Noêmia Gomes de Azevedo, 39 anos, Florianópolis SCMarqueteira, mãe, engajada na luta contra a violência doméstica, sou vítima de violência doméstica hedionda, contra o armamento, engajada na luta contra o racismo e homofobia.

Gabriella Dias, professora de história: “Em meio a conjuntura atual, de muito retrocesso e perda de direitos, é de extrema importância a existência de um núcleo onde várias mulheres, de diferentes ideologias, possam estar unidas com um propósito único. Nos da esperança saber que não estamos sozinhas na luta pelo direito das mulheres e das minorias. Esse grupo mostra a todos a força das mulheres.”

Gisele Figueiredo, 45 anos, jornalista e mestre em conflitos internacionais e cultura de paz pela Universidade Autonoma de Barcelona. Especialista em Gerenciamento de Crise e Políticas Públicas pela Universidade La Sapienza, de Roma. “Milito há mais de 20 anos pelos direitos das mulheres, dos sem teto e sem renda. Luto por um País melhor, onde se combata a miséria com pacificação e geração de renda. Luto para que as mulheres sejam ouvidas e como tal nunca mais silenciadas e abatidas. Somos muito mais de um milhão e vamos seguir no combate para que novas gerações vivam em um mundo menos desigual!

Atualmente vivemos um momento de grande tensão política.
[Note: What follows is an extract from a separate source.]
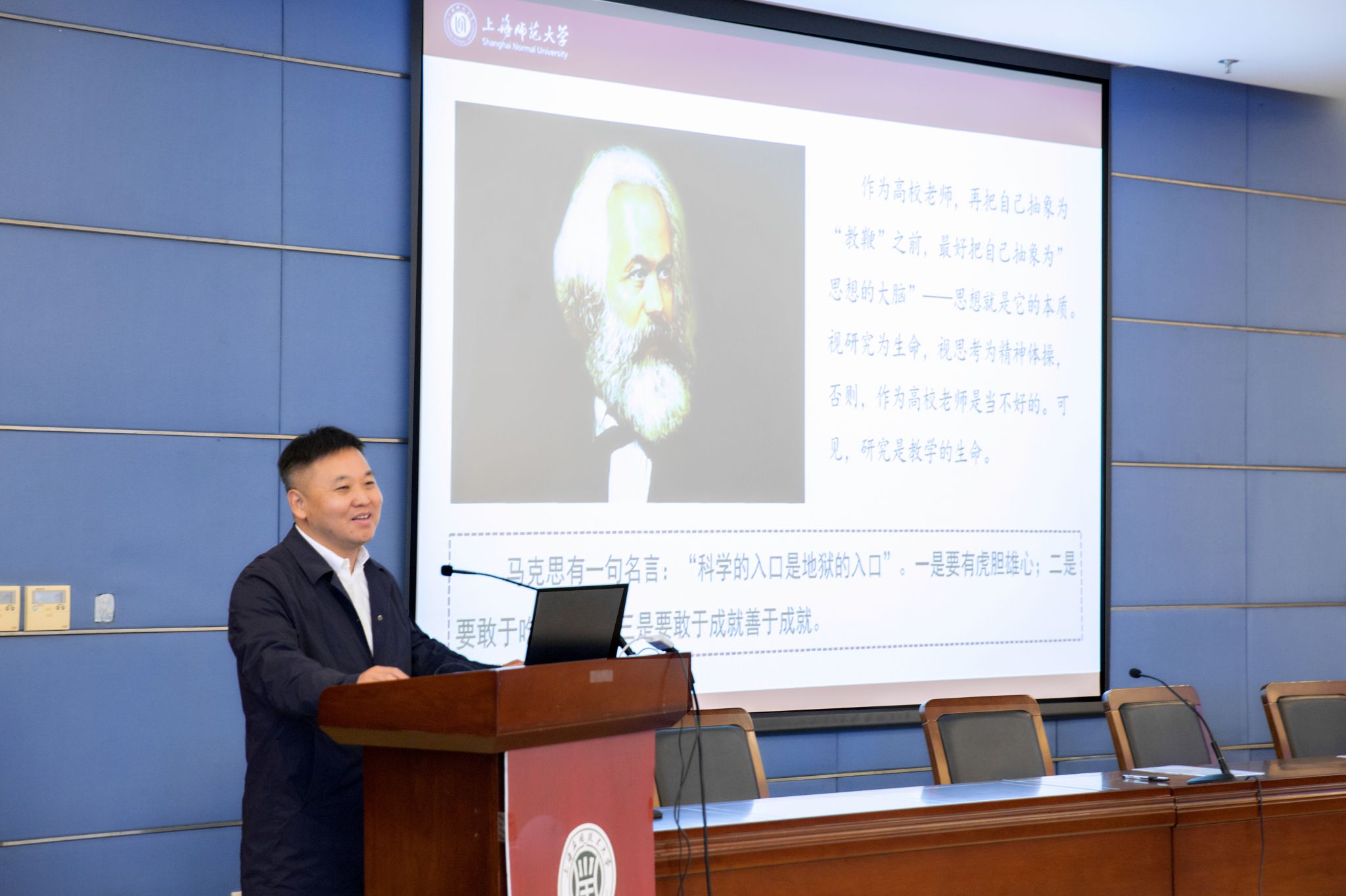 上海师范大学张志丹教授应邀作《国家社会科学基金申报成功之道》的专题报告。他从国家社科基金的项目类别以及如何做好选题进行了介绍,着重强调反复打磨课题申报书是成功的关键。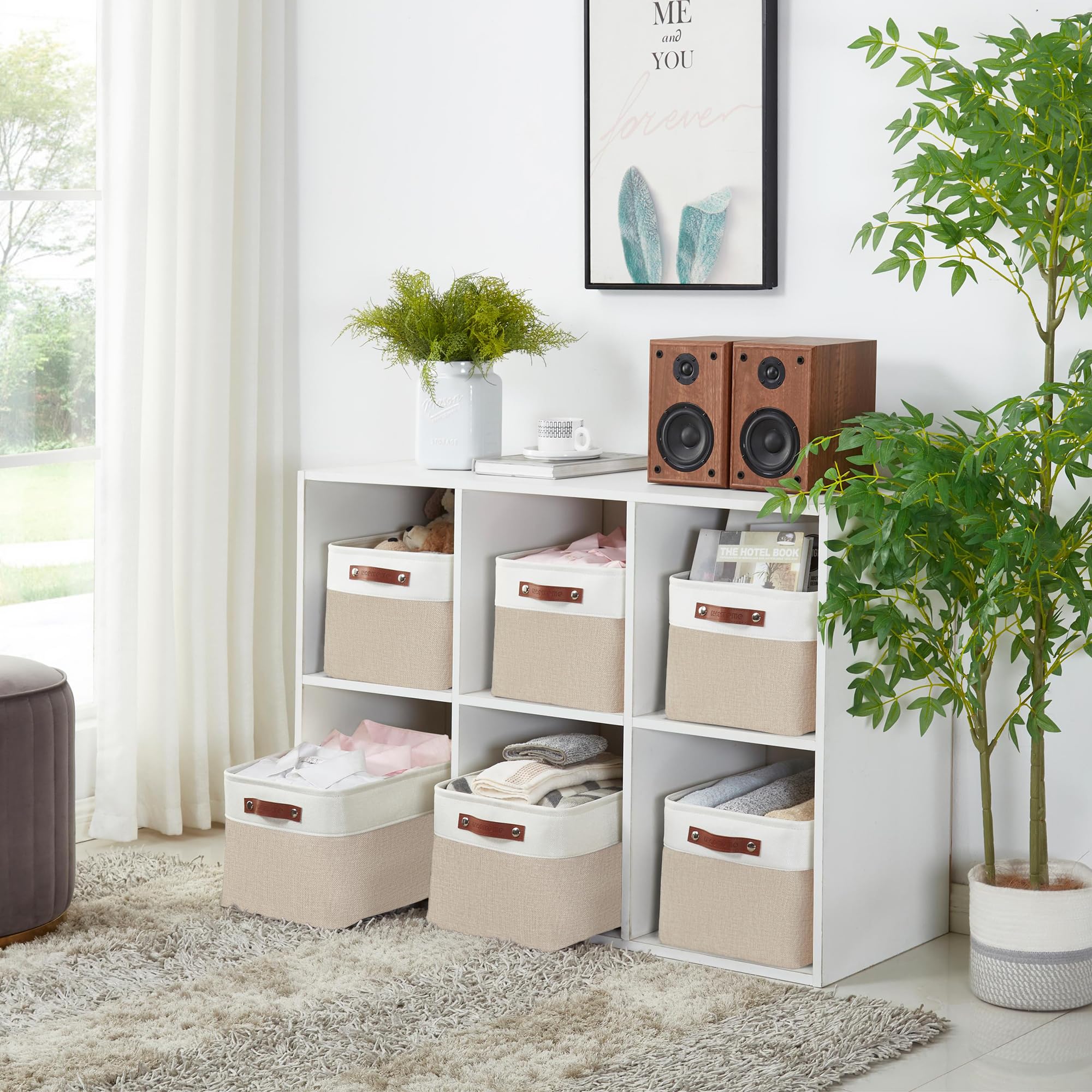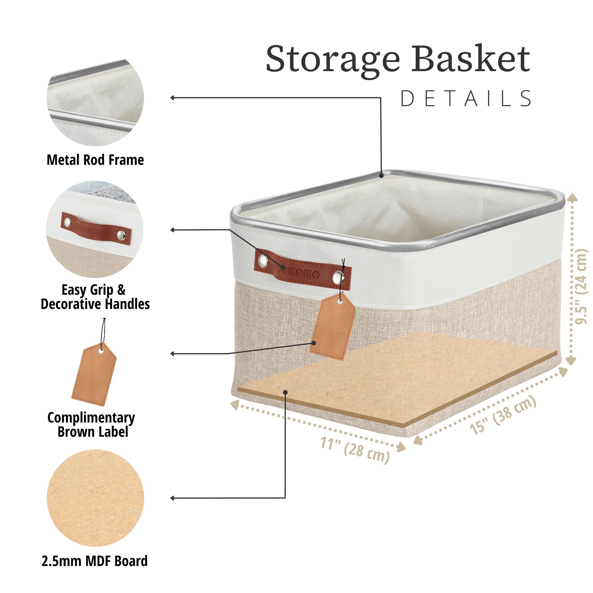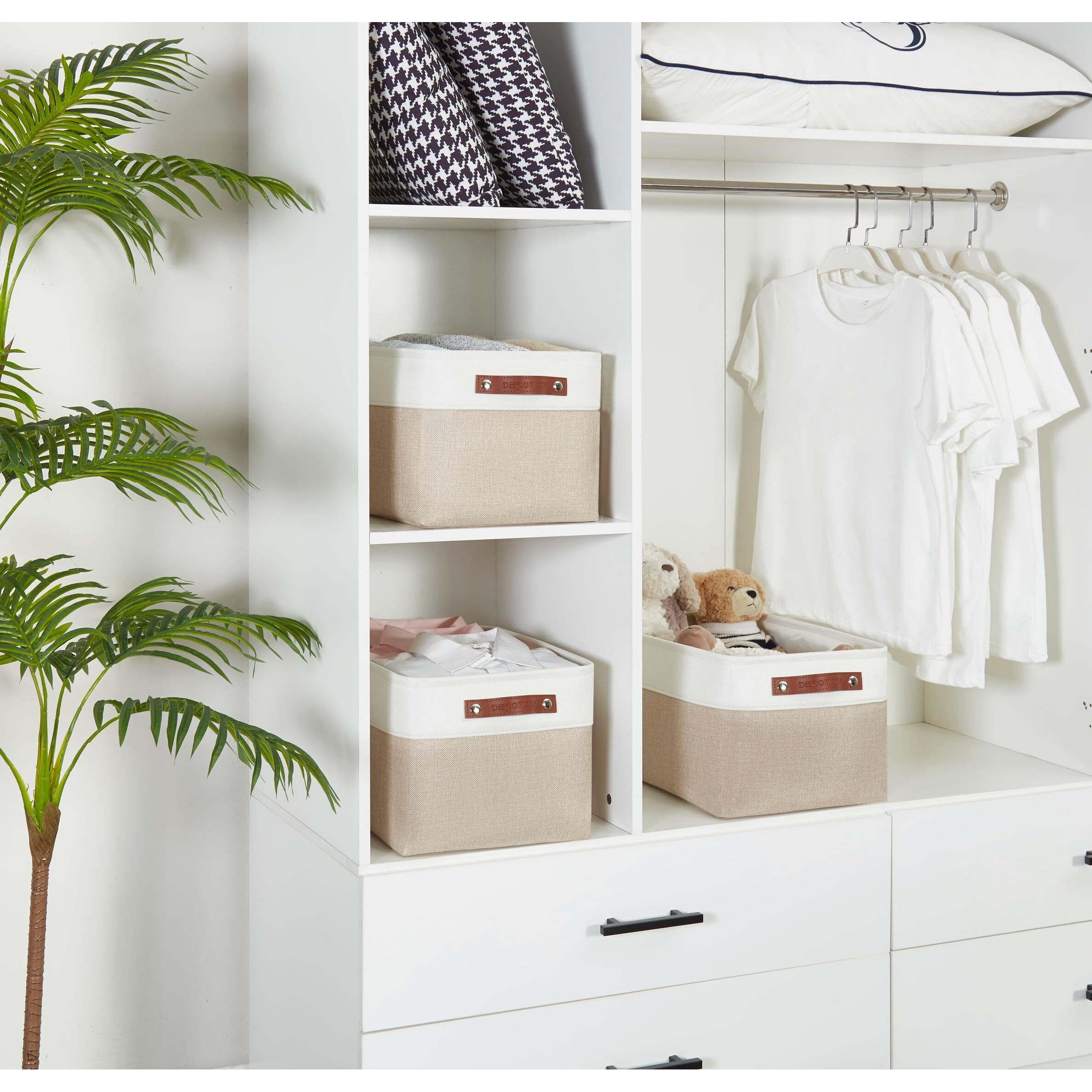 DECOMOMO Faltbarer Aufbewahrungskorb | Faltbarer stabiler Stoffkorb mit Griffen für die Organisation von Regal, Kinderzimmer, Spielzeugschrank (beige und weiss, gross – 3 Stück)

Saber que temos um lugar onde podemos ser ouvidas sem sermos hostilizadas, sem sermos chamadas de nomes chulos, e sem colecionarmos adjetivos e ameaças, é incrivelmente motivador. Um lugar onde mulheres podem expressar suas escolhas políticas sem serem massacradas ou diminuídas pelo seu gênero. É a nossa oportunidade de mostrar que temos sim voz e que mulher também tem lugar na política.”

Rafaella Dias, 23 anos, estudante de direito.

Lilian Nascimento, 40 anos, publicitária e empresária, ativista há 12 anos, coordenadora do Coletivo Gameleiras que mobiliza ações em prol das mães solos e a conscientização da população sobre diferentes tipos de violências contra as mulheres, no interior de SP.